_BRIEF_
Below are records with pictures. Transcribe exactly, and only, the lines from the line with "Журнал для записей" to the line with "Try to find", both ends included, but not the pictures.

────

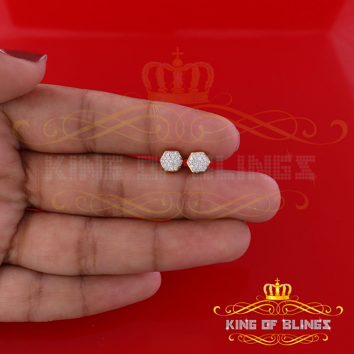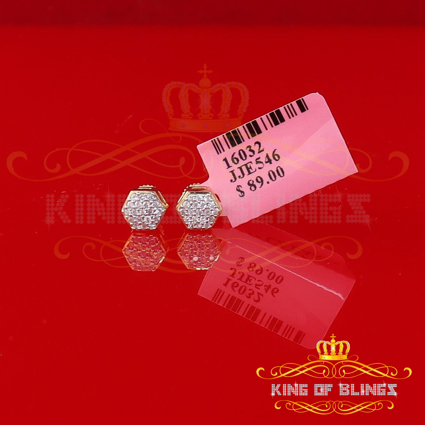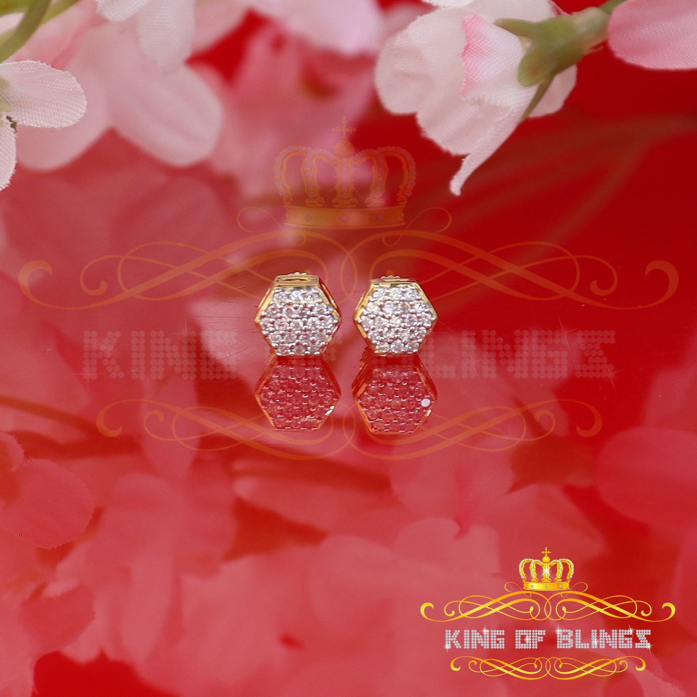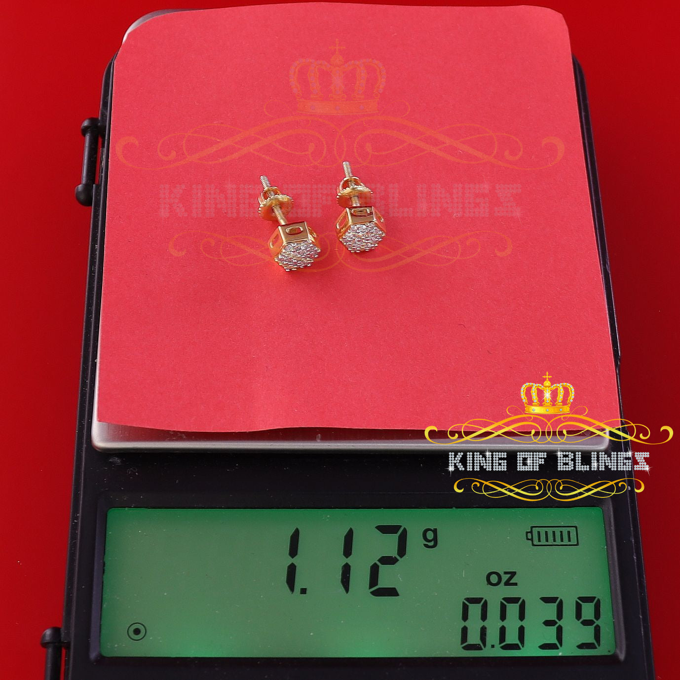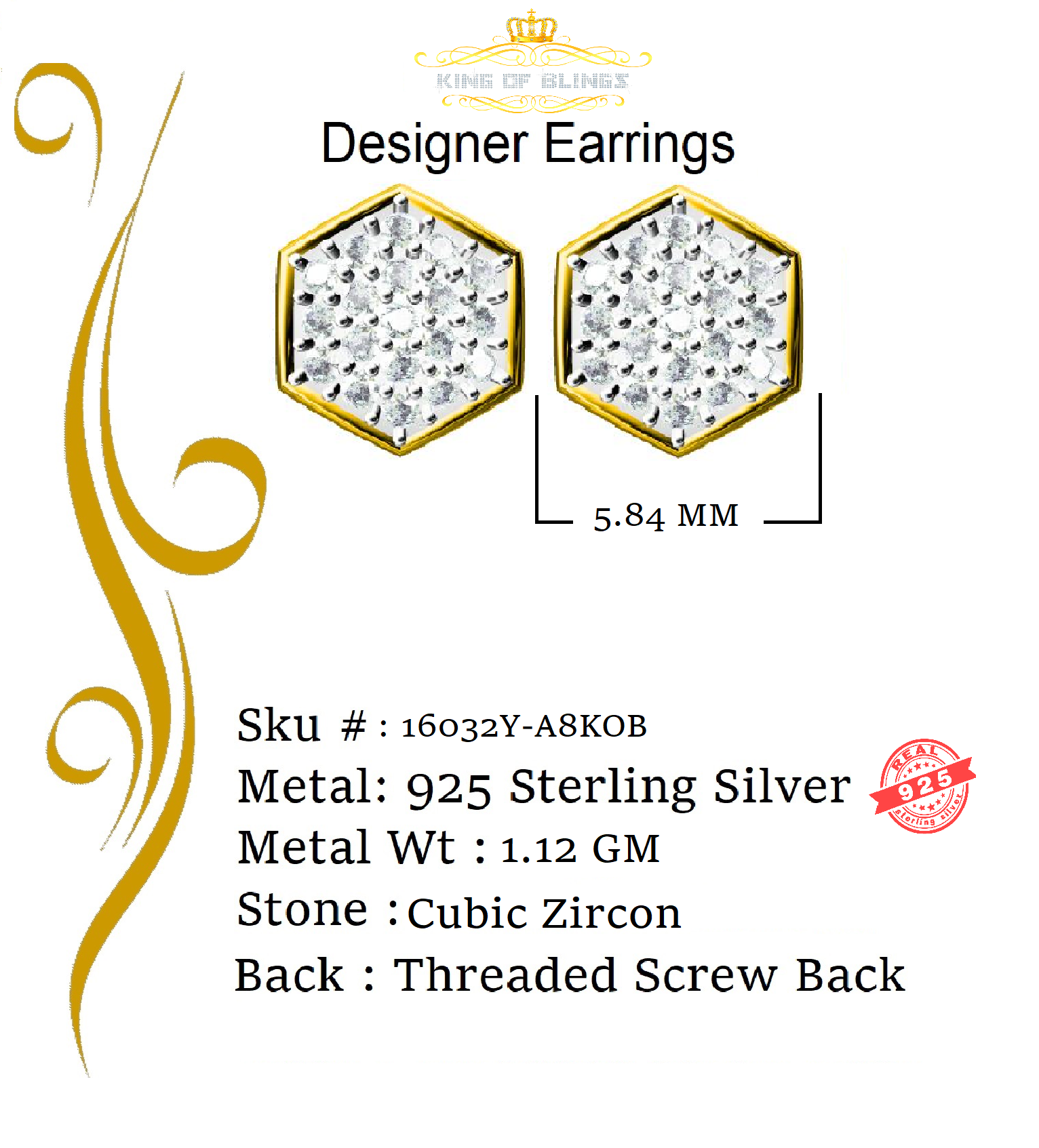 King of Bling's 925 Yellow Silver 0.38ct Cubic Zirconia Women's & Men Hip Hop Hexagon Earrings
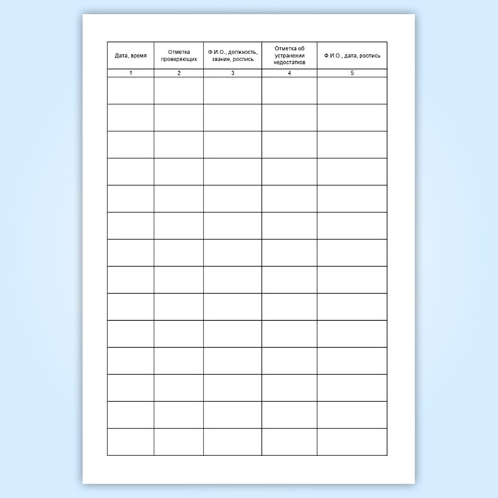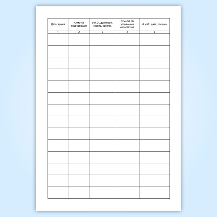 Журнал для записей проверяющих лиц имеет графы:
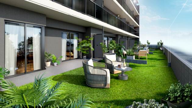 1階住戸にはプライベートガーデンをご用意。開放的なアウトドア空間が楽しめます。 ※一部住戸。
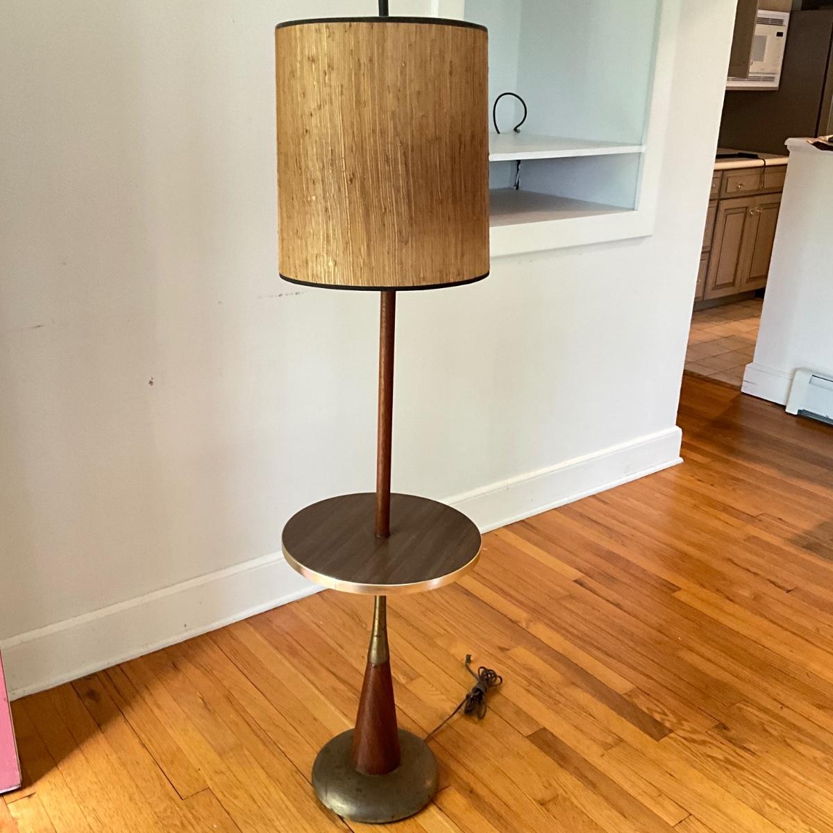 839 Mid Century Modern Mahogany and Brass Floor Lamp
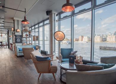 The Sail Loft is a sleek, warm pub with magnificent views of the Thames by day and of the Canary Wharf skyline at night.
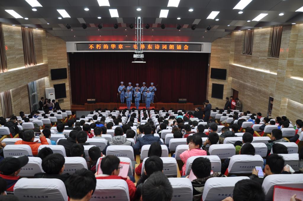 在纪念毛泽东同志诞辰122周年之际,2015年12月21日晚,由思想政治理论课教学部主办、院团委协办的“不朽的华章——毛泽东诗词朗诵会”在醒钟楼思辨堂举行。党委书记赵曼、党委副书记任得元、副院长张永良、张迪出席,各分院负责人、辅导员,思政部全体教师及学生代表共计300余人参加。
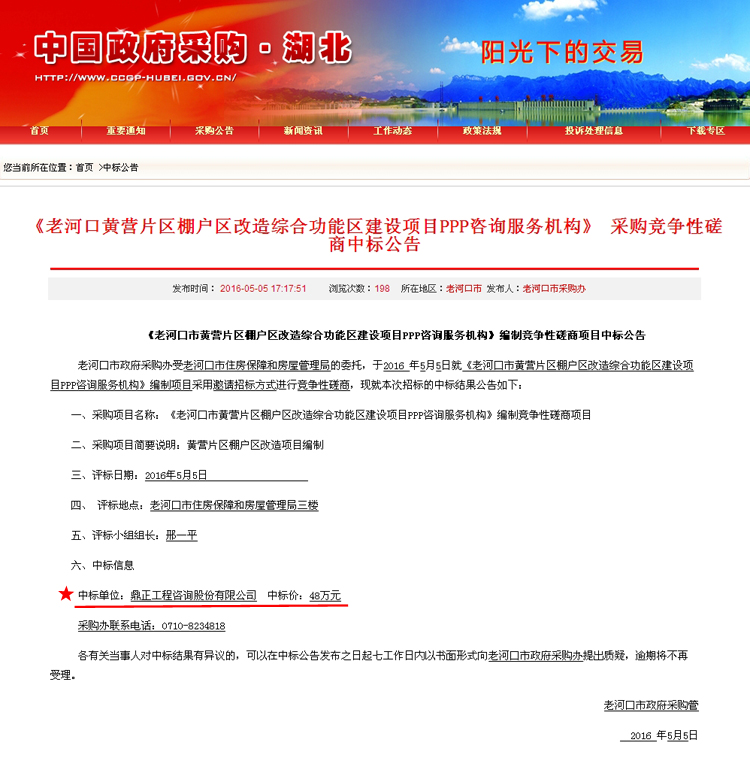 【經(jīng)營(yíng)成果】我司中標(biāo)老河口市黃營(yíng)片區(qū)棚戶區(qū)改造綜合功能區(qū)建設(shè)項(xiàng)目PPP咨詢服務(wù)機(jī)構(gòu)編制競(jìng)爭(zhēng)性磋商項(xiàng)目
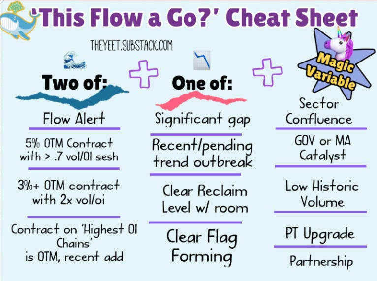Try to find a Whale TA validation OR Insurance if there is no catalyst Most flow isn't news--it's explosive Price Action; your first exercise on the chart of the ticker of interest should be to pretend the whale is a chart nerd and validate their nerd ass thinking.
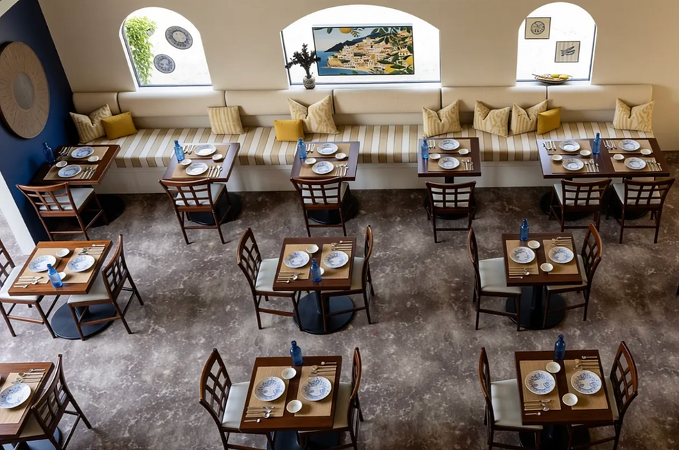 For this branding pack, this client wanted to refresh their visual identity and decided to go to a bright mediterranean identity with a strong colour palette in yellow and blue. From this bright logo and colour chart created for this beautiful restaurant, we redefined different spaces and embraced this new identity in the colour palette. A banquette has been created to really add an atmosphere to the main dining area and add a dimed lighting to accentuate the colour contrast in the night. In the private dining part, we selected the darker side of the palette to really create a moody chic atmosphere
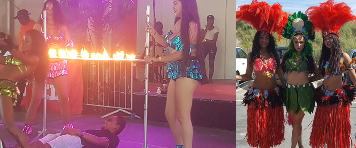 Bezetting: dans (2 mooie tropische danseressen), muziek (swingend duo) of tropische DJ naar keuze.
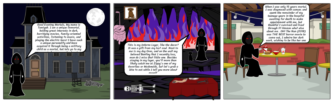 Good Evening Mortals, My name is Tamiyah. I am a unique immortal, holding great interests in dark, horrifying movies, family-oriented activities, lisitening to music, and playing the electric bass! I have such a unique personality and have acquired it through being a military child as a mortal, but lets go to my room to learn more about me!
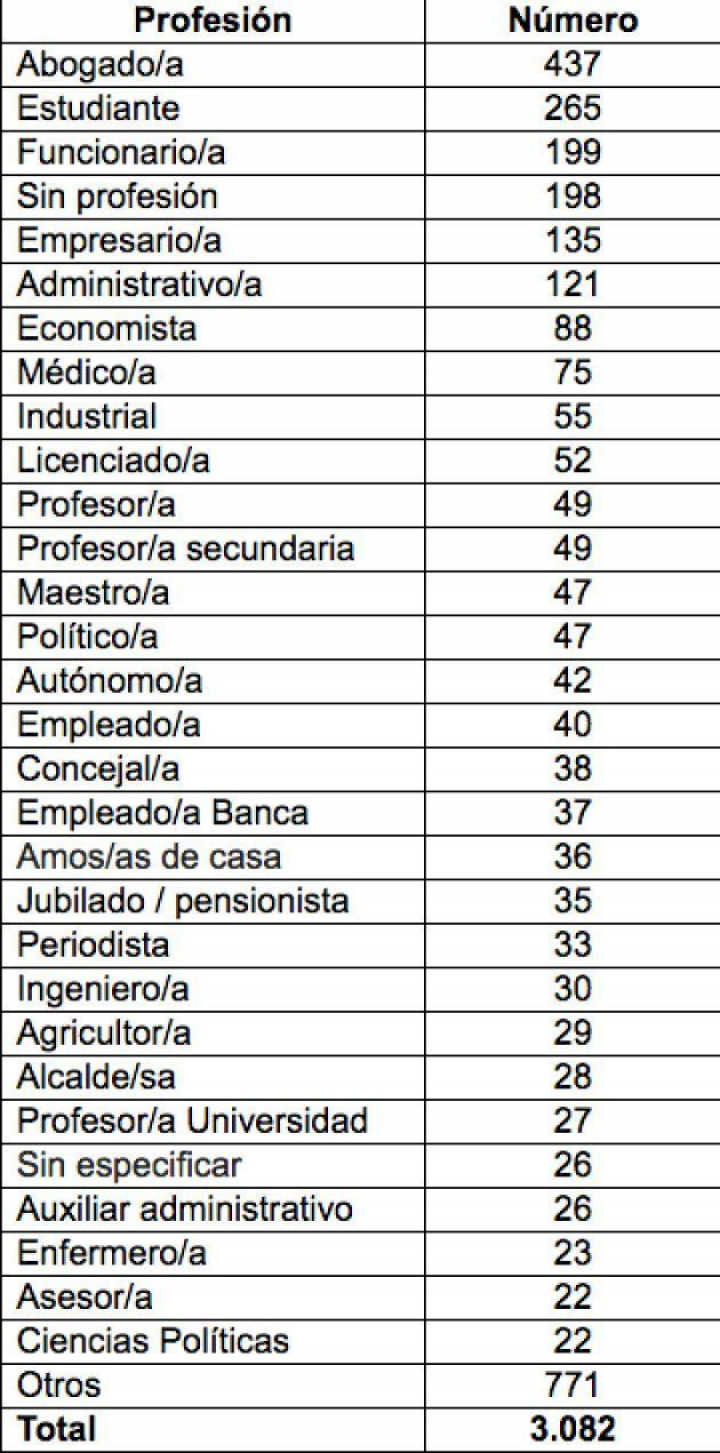 Por profesiones, ganan los abogados (437 delegados), por encima de los estudiantes (265) y los funcionarios (199). Luego aparece el grupo de los que se denomina "sin profesión", con 198 delegados. Detrás: administrativos (121), economistas (88), médicos (75), industriales (55), licenciados (52) y profesores (49).

────

_ANSWER TO THE PROBLEM_
 Журнал для записей проверяющих лиц имеет графы:
 1階住戸にはプライベートガーデンをご用意。開放的なアウトドア空間が楽しめます。 ※一部住戸。
 839 Mid Century Modern Mahogany and Brass Floor Lamp
 The Sail Loft is a sleek, warm pub with magnificent views of the Thames by day and of the Canary Wharf skyline at night.
 在纪念毛泽东同志诞辰122周年之际,2015年12月21日晚,由思想政治理论课教学部主办、院团委协办的“不朽的华章——毛泽东诗词朗诵会”在醒钟楼思辨堂举行。党委书记赵曼、党委副书记任得元、副院长张永良、张迪出席,各分院负责人、辅导员,思政部全体教师及学生代表共计300余人参加。
 【經(jīng)營(yíng)成果】我司中標(biāo)老河口市黃營(yíng)片區(qū)棚戶區(qū)改造綜合功能區(qū)建設(shè)項(xiàng)目PPP咨詢服務(wù)機(jī)構(gòu)編制競(jìng)爭(zhēng)性磋商項(xiàng)目
Try to find a Whale TA validation OR Insurance if there is no catalyst Most flow isn't news--it's explosive Price Action; your first exercise on the chart of the ticker of interest should be to pretend the whale is a chart nerd and validate their nerd ass thinking.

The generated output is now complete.